*Your objective:* Please write out only the lines from the line with "同機は、大喪の礼、即位の礼に" to the line with "Le Fujifilm S8100fd", inclusive, exactly as they stand below, without the pictures.

*Extracted entries:*
= = =

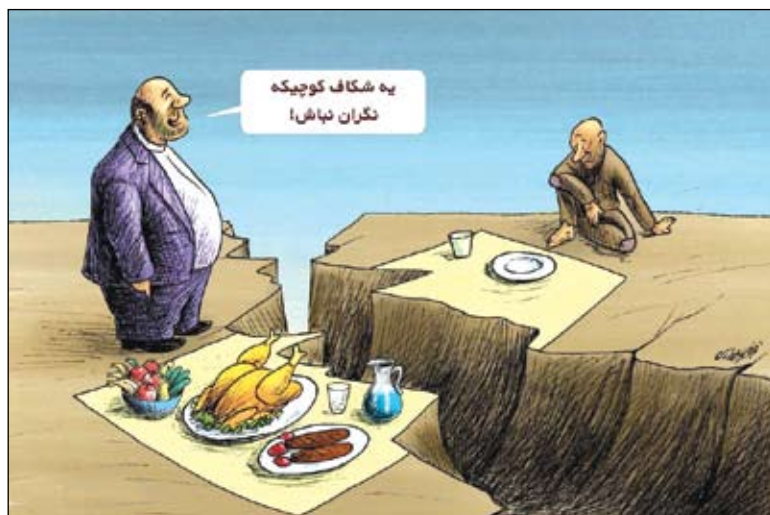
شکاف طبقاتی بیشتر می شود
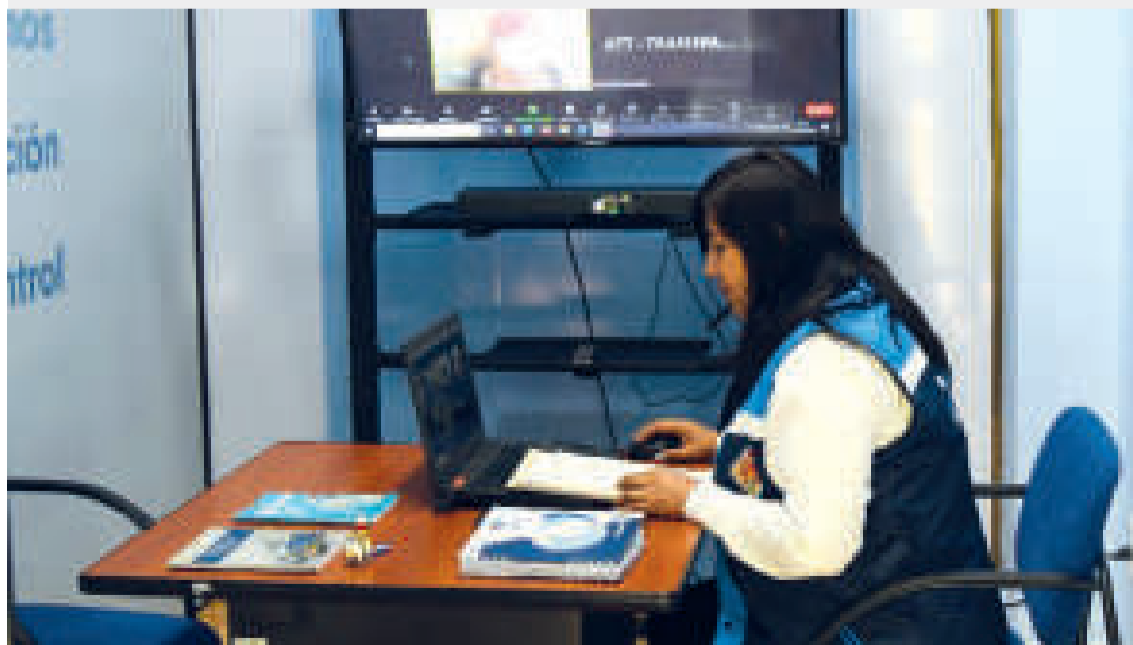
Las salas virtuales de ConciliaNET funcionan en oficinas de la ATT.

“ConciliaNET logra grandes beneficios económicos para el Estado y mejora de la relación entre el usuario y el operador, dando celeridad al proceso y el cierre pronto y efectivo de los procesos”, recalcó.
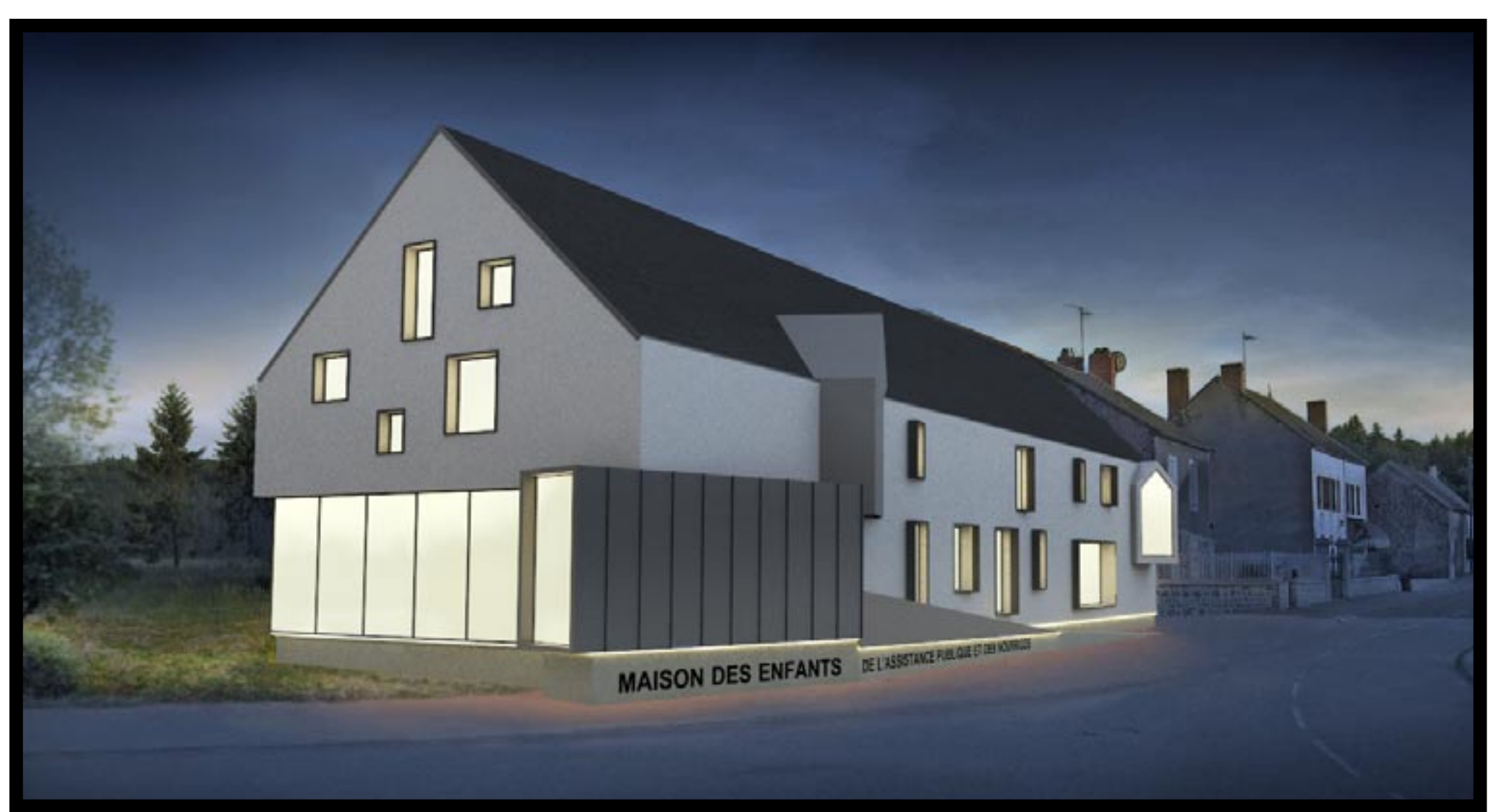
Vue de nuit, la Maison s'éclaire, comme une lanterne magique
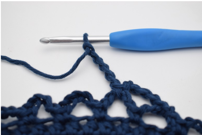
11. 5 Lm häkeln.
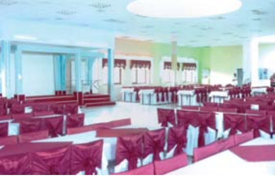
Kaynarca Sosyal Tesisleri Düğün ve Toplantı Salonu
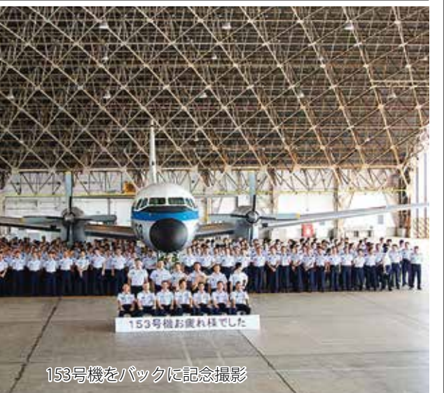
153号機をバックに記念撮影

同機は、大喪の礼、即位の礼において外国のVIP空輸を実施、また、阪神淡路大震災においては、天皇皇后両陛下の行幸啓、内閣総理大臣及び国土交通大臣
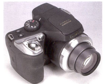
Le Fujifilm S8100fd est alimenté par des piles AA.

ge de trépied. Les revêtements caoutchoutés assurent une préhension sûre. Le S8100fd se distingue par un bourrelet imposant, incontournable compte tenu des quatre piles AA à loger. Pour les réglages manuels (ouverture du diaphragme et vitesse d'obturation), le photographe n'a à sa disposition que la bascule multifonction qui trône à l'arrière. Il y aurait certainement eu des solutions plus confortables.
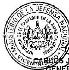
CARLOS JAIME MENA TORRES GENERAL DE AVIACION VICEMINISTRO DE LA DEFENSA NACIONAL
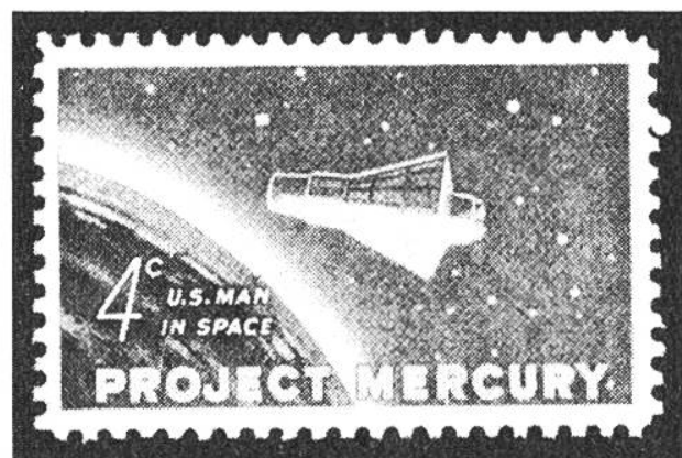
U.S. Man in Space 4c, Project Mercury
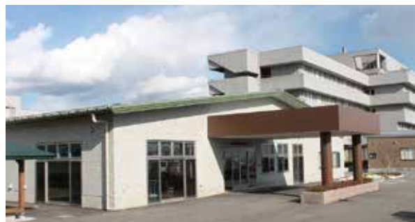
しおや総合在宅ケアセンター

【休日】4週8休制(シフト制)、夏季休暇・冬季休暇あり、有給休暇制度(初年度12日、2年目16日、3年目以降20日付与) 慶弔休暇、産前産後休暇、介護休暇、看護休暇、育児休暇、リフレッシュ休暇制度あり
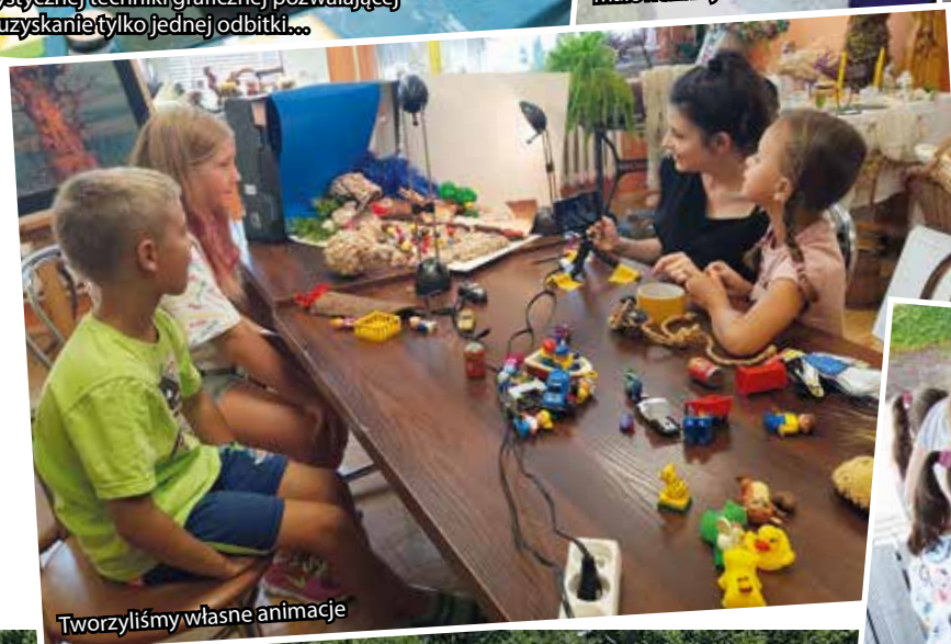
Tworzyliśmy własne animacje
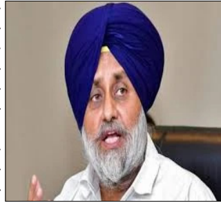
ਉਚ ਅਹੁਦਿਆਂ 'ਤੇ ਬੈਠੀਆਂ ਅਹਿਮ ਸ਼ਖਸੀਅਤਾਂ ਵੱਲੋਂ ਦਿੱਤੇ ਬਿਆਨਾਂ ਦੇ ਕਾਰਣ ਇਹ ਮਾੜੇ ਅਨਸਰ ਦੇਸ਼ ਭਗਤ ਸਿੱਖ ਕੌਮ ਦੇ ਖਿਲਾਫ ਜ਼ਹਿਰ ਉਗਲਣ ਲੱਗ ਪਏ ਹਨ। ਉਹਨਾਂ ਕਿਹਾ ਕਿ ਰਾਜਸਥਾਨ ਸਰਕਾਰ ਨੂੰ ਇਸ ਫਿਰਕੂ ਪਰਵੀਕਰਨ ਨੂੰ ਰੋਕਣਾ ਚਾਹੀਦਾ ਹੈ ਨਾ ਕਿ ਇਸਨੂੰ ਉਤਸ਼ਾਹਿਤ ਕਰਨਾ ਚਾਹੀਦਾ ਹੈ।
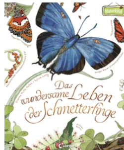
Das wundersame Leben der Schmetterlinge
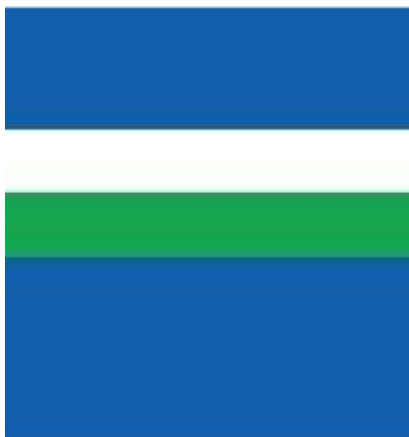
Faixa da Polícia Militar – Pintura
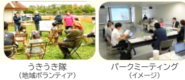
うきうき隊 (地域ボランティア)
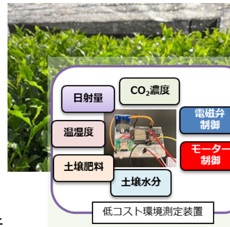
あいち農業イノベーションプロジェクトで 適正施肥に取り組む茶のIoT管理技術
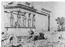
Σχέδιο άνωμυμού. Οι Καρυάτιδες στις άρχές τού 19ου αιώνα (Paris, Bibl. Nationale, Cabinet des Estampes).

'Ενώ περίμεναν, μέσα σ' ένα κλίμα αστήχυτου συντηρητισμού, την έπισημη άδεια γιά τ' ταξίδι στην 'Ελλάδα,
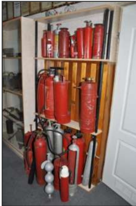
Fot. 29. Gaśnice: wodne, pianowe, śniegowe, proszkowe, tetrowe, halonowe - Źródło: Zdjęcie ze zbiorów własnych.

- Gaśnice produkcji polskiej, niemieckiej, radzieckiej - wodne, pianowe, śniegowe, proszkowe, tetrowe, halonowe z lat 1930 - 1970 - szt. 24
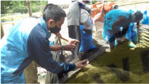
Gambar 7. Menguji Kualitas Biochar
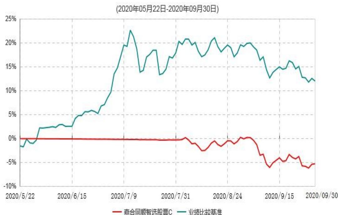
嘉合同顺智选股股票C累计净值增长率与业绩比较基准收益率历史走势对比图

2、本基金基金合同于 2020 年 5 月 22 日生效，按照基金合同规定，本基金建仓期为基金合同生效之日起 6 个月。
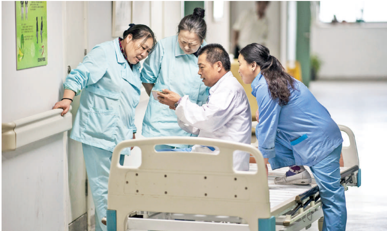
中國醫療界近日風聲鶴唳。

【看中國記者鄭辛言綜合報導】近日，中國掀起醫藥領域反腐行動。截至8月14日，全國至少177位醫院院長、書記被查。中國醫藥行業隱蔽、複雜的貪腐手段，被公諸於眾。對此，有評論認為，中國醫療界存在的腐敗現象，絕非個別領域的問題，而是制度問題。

= = =

*Response area:*
同機は、大喪の礼、即位の礼において外国のVIP空輸を実施、また、阪神淡路大震災においては、天皇皇后両陛下の行幸啓、内閣総理大臣及び国土交通大臣
Le Fujifilm S8100fd est alimenté par des piles AA.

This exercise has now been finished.